Another way is to put your data into the cloud and have that data mirrored to at least two geographically split sites. This costs a bit extra, but you want to make sure your data is available at all times, do you not? By doing so, you are placing the burden of making storage space scalable to your cloud service provider. 
But wait. What if you do not want to place your data into the cloud just yet or you do not have the need to have that data globally accessible. You just want to scale up your own data center and perhaps make it in sync with your secondary site for backup and/or disaster recovery purposes. How would you go about that without spending a fortune?
The answer is in the title of this article. Nothing new for most of the cloud providers as they must be using something affordable and without the vendor lock-in threat. A solution that would work on off-the-shelf servers, something easily attainable. Something like a software defined storage.

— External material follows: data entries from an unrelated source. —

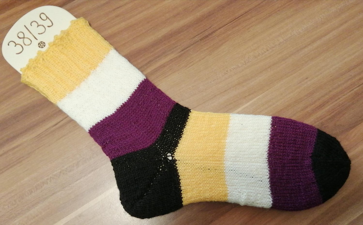 Handknitted socks in the nonbinary flag colors size EU 38/39. They come as a pair of course ;) Wool is Lang Yarns Jawoll Superwash
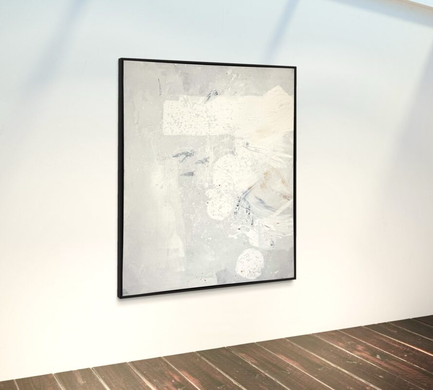 Oyster Sheen anchors the Linen Series with a luminous field of muted whites and soft grays, inspired by the inner shimmer of oyster shells. Delicate craquelure, organic Halo Accents, and rainfall drips animate the surface, creating an organic rhythm that oscillates between stillness and movement. Subtle bursts of mandarin orange offer warmth and contrast, inviting viewers to reflect on the elegance of imperfection and the beauty of quiet transformation.
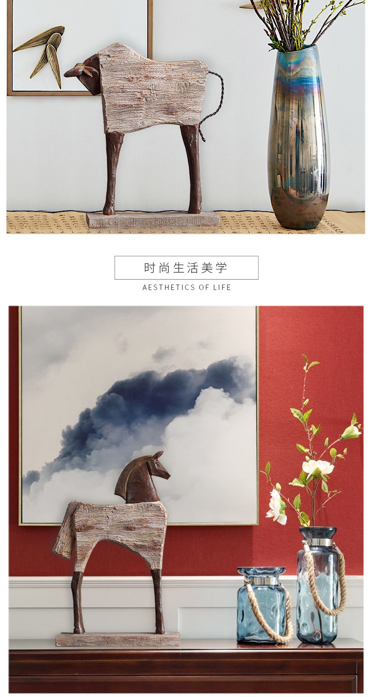 아메리칸 스타일 빈티지 말 장식품 수지 공예 거실 장식 동물 TV 내각 와인 캐비닛 복도 집들이 장식품스토어 가기
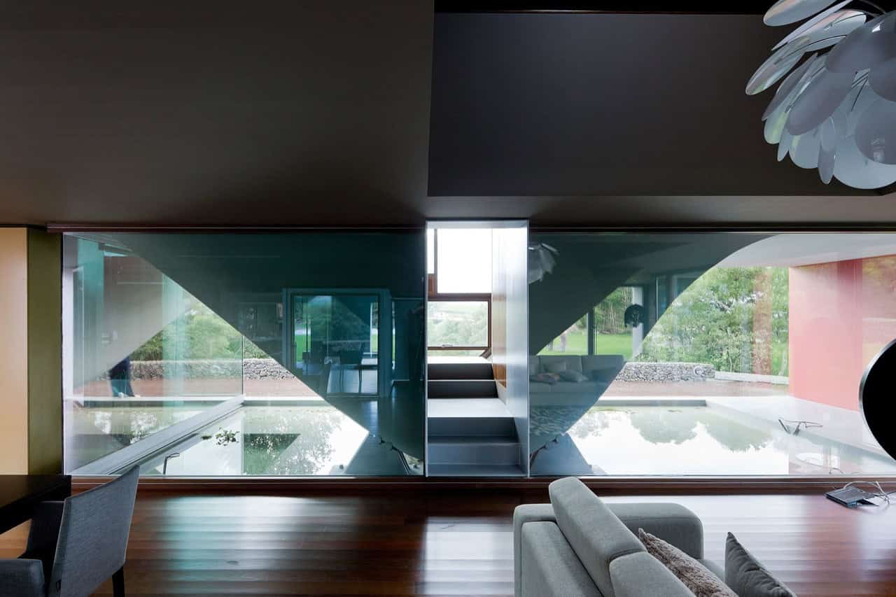 The house is located in the north side of S. Michael Island in the Azores. Since the microclimate of this farmland offers frequent wind and showers, the first design strategy was to block these winds with a wall, and offer diverse patios and covered courtyards to protect against rain. These patios and courtyards also open all living spaces to the natural green by glass walls, which receded from the exterior.
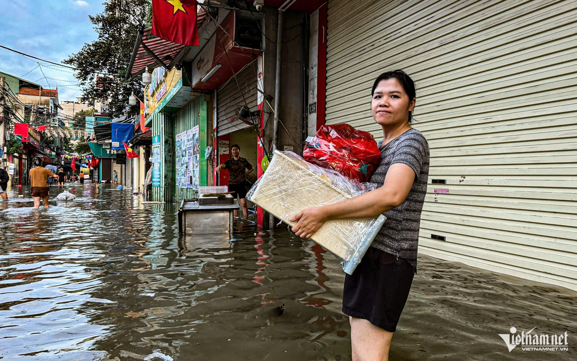 Từ chiều ngày 30/9 đến nay, khu vực tổ dân phố số 2 Phú Đô (gần chợ Phú Đô), phường Từ Liêm, Hà Nội vẫn ngập sâu sau mưa lớn. Nước dâng cao nhưng thoát rất chậm, kéo theo rác thải trôi nổi, mùi hôi thối khó chịu vào nhà, khiến cuộc sống của người dân đảo lộn.
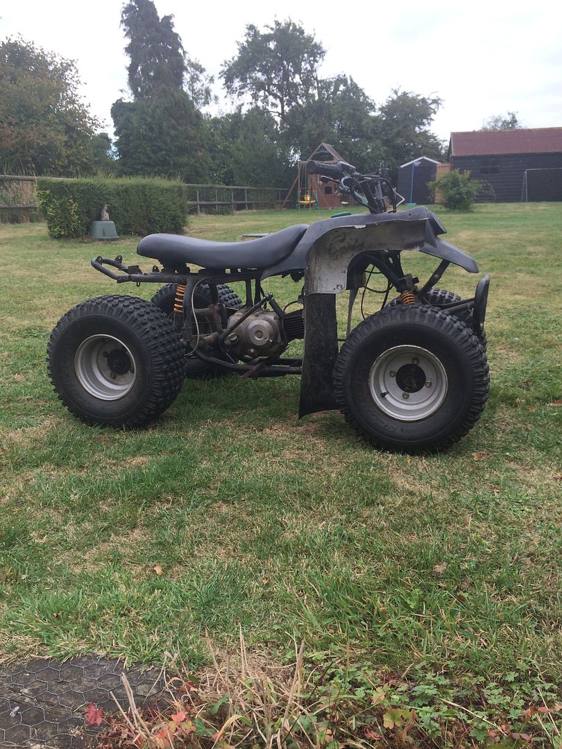 I have recently bought a quad project for my kids as a step up from the mini 49cc quad. Its a midi sized quad that needs some tidying and a few new parts least of all a muffler because it only has the header pipe and is frickin loud.
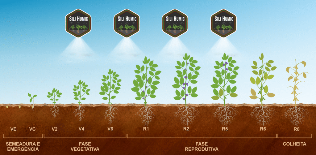 Conheça o SiliHumic, a solução inovadora que utiliza tecnologia de nanopartículas com Silício, Magnésio e Substâncias Húmicas para proteger a soja dos estresses do clima!
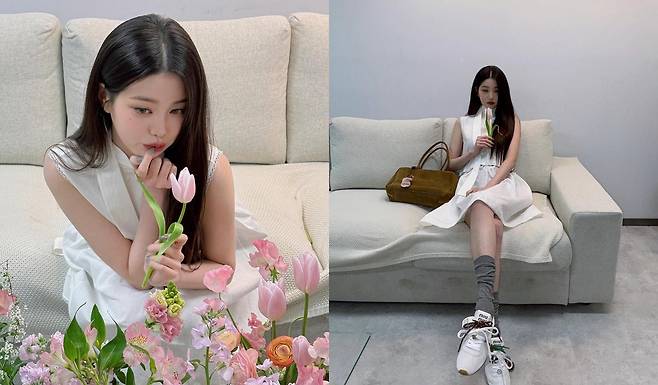 무엇보다 이번 룩에서 빛난 것은 장원영의 표정이다. 파스텔 톤의 튤립과 함께 카메라를 바라보는 장원영은 마치 꽃들 사이에서 피어난 또 하나의 꽃처럼 보인다. 은은한 미소와 촉촉한 아이 메이크업, 그리고 정돈된 긴 생머리는 전체적인 스타일을 완성시키는 마무리 터치다.

There are some different solutions you can choose from. They are in their essence not the same and should be considered based on your requirements.
Let's name some - CEPH, GLUSTERFS, DRBD, LUSTRE, MOOSEFS. These are some of the open source project that are available to you that go beyond the classical storage. These solutions feature distributed data storage with single or multiple copies of your data that gets written to multiple different disks across different storage units (servers). As you probably have figured out by now, you require multiple servers to run such data storage systems. But if you are at a stage where you are considering abandoning the old ways, you are probably already running on bunch of servers anyway.
There is no "one-fits-all" solution amongs these. You will just have to dig into the features and requirements of each and every one of these or more and carefully examine your data requirements of the future. You might even consider going hybrid by having one copy of your data in your data center and another one (or more) at one of the cloud providers. 
So forget about your classic SAN, NAS or DAS boxes and join the evolution.